Quote only the lines that start at the line with "Sterling Silver Celtic" and run to the end of the entries; omit the pictures.

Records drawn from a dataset
=== Begin Enclosure ===

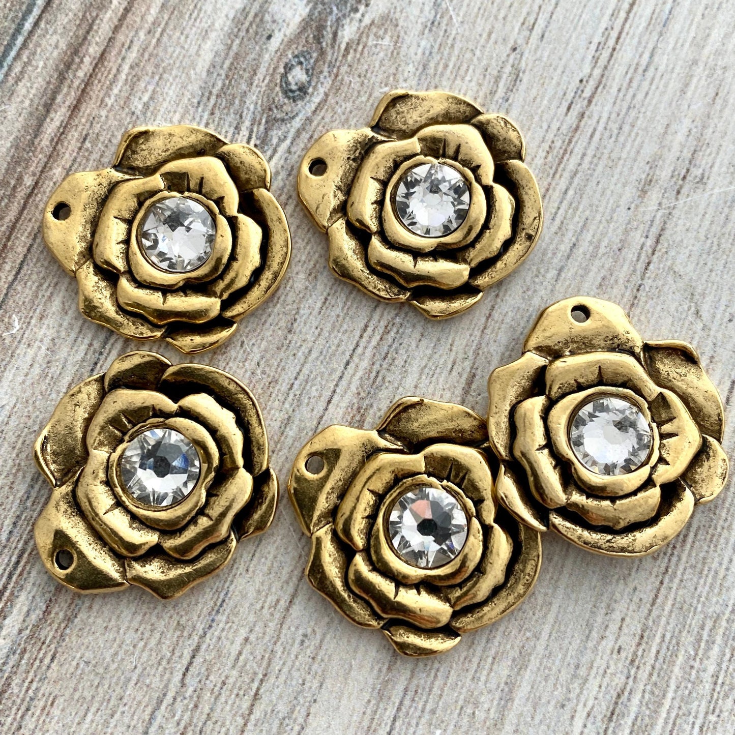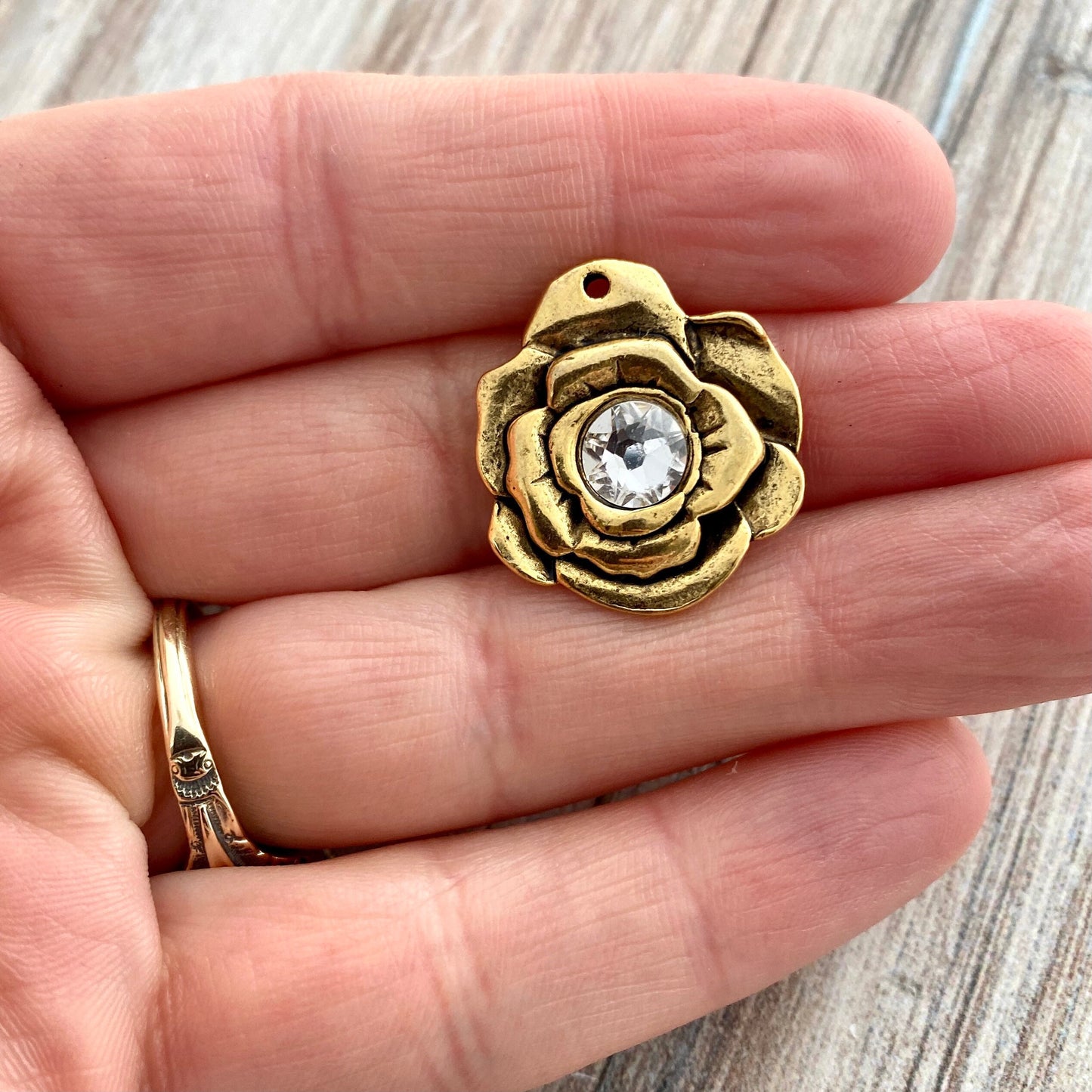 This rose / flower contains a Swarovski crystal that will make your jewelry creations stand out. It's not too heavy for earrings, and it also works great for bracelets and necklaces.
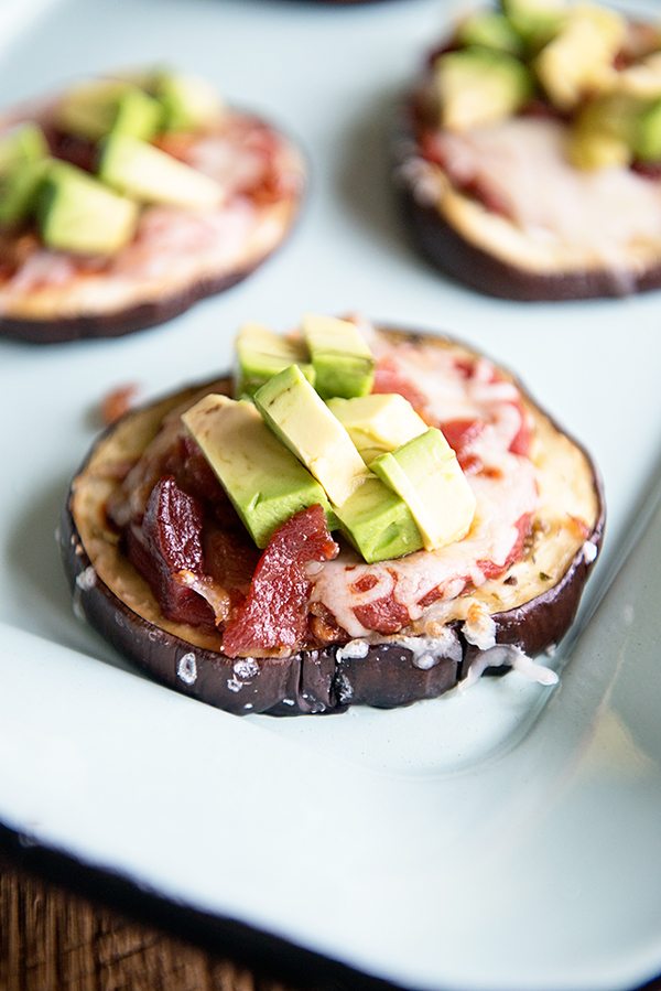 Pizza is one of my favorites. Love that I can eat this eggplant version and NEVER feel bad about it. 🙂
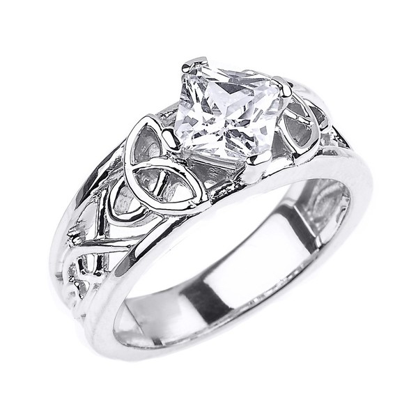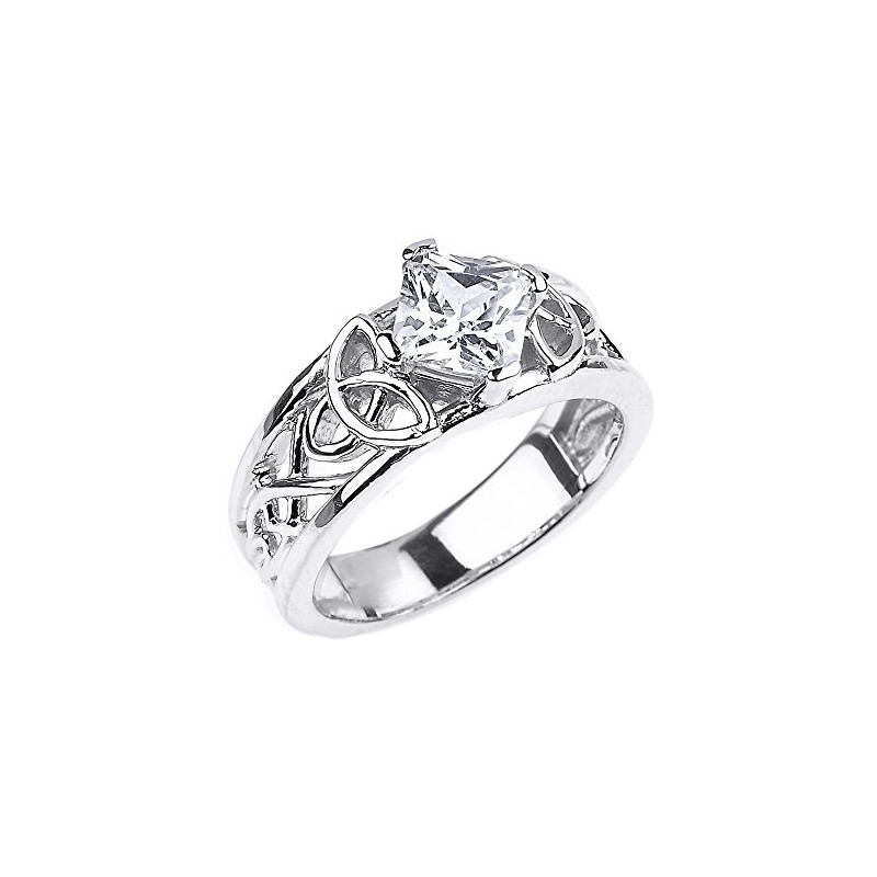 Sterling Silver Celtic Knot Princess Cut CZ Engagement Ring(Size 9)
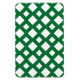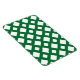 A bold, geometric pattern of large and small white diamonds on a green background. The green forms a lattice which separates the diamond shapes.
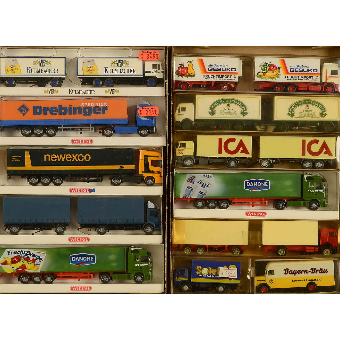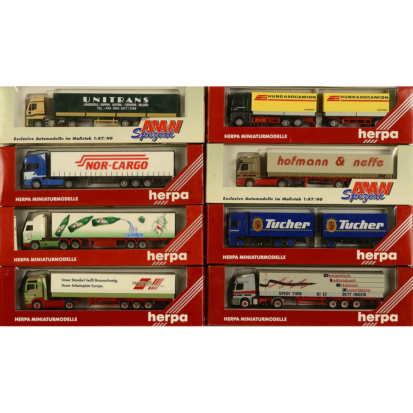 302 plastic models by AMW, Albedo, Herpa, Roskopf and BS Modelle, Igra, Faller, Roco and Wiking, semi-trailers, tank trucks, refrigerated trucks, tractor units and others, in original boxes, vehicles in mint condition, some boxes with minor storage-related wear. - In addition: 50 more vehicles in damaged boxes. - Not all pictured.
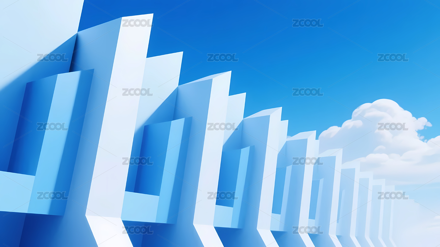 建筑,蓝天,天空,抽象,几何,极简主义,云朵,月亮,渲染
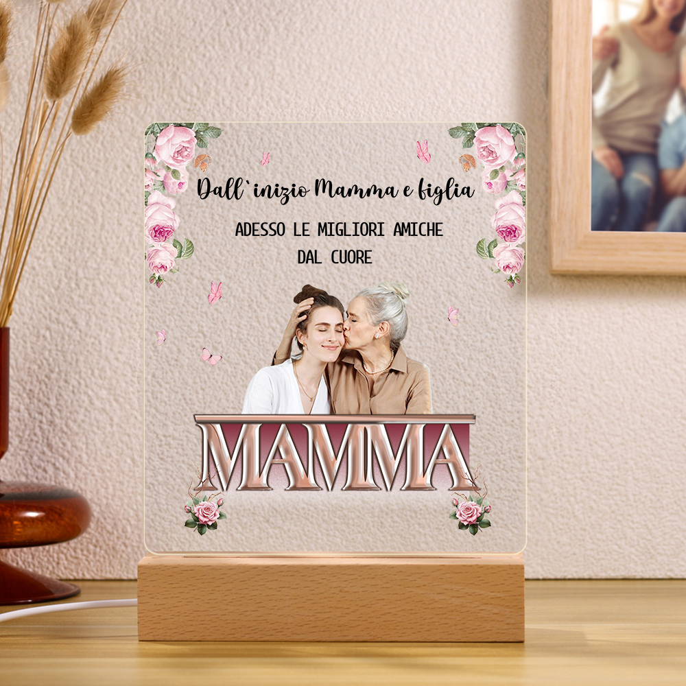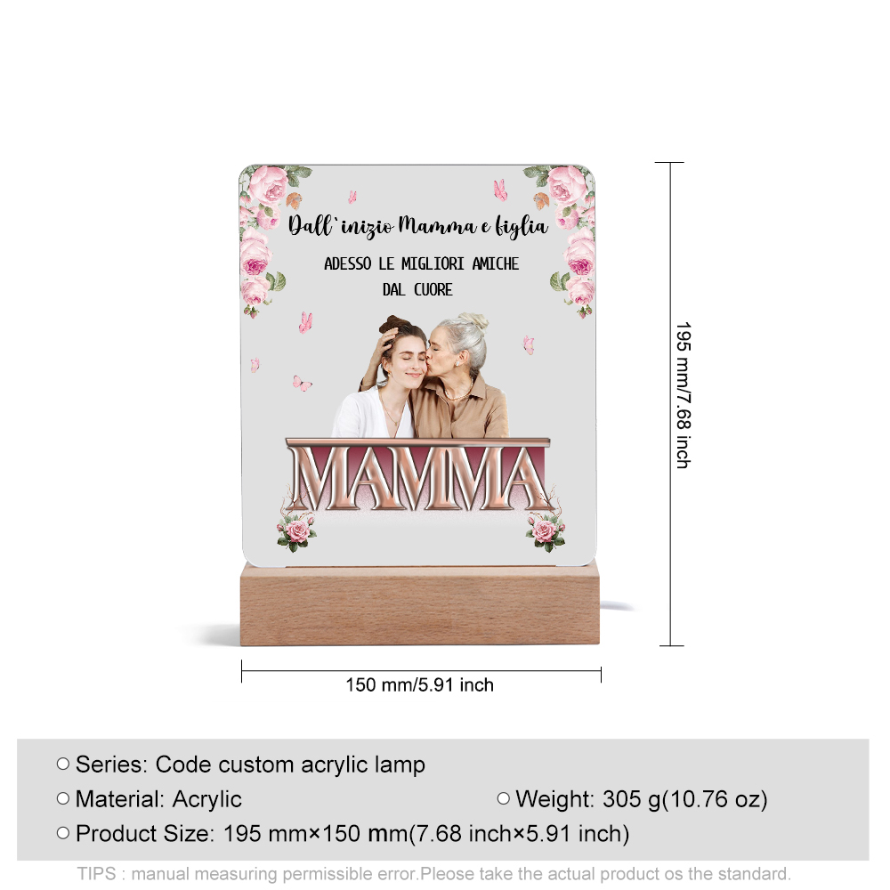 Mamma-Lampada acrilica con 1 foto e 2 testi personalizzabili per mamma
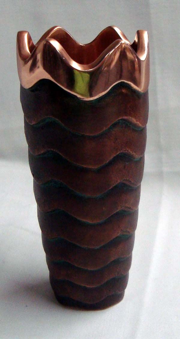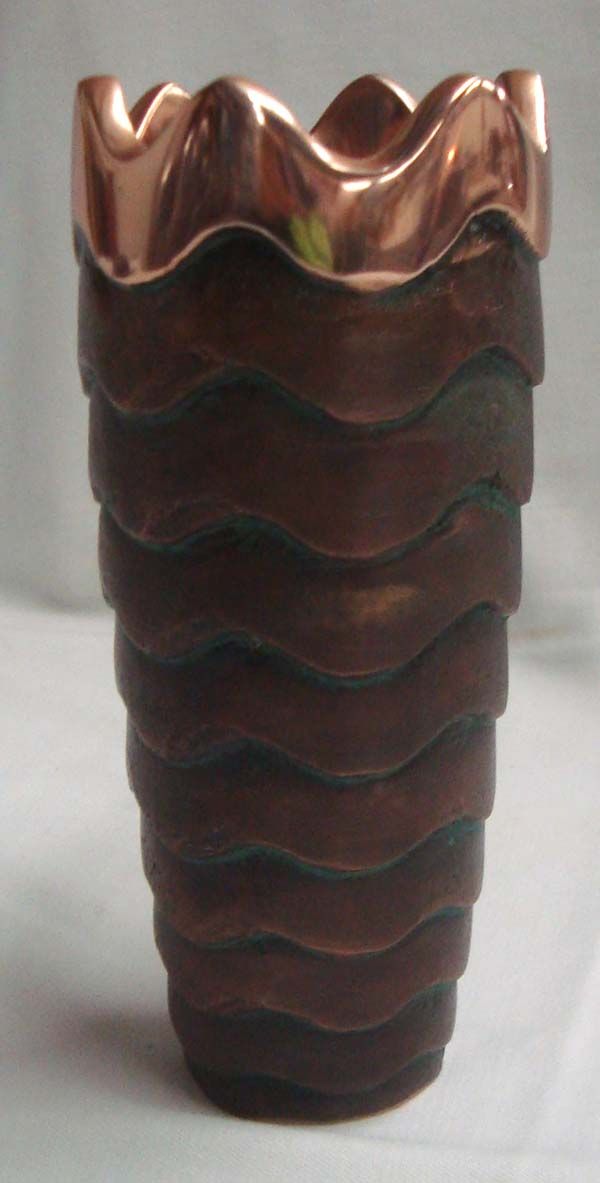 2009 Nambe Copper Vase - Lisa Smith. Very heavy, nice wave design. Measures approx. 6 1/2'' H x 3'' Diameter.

=== End Enclosure ===

▸ **ANSWER**:
 Sterling Silver Celtic Knot Princess Cut CZ Engagement Ring(Size 9)
 A bold, geometric pattern of large and small white diamonds on a green background. The green forms a lattice which separates the diamond shapes.
 302 plastic models by AMW, Albedo, Herpa, Roskopf and BS Modelle, Igra, Faller, Roco and Wiking, semi-trailers, tank trucks, refrigerated trucks, tractor units and others, in original boxes, vehicles in mint condition, some boxes with minor storage-related wear. - In addition: 50 more vehicles in damaged boxes. - Not all pictured.
 建筑,蓝天,天空,抽象,几何,极简主义,云朵,月亮,渲染
 Mamma-Lampada acrilica con 1 foto e 2 testi personalizzabili per mamma
 2009 Nambe Copper Vase - Lisa Smith. Very heavy, nice wave design. Measures approx. 6 1/2'' H x 3'' Diameter.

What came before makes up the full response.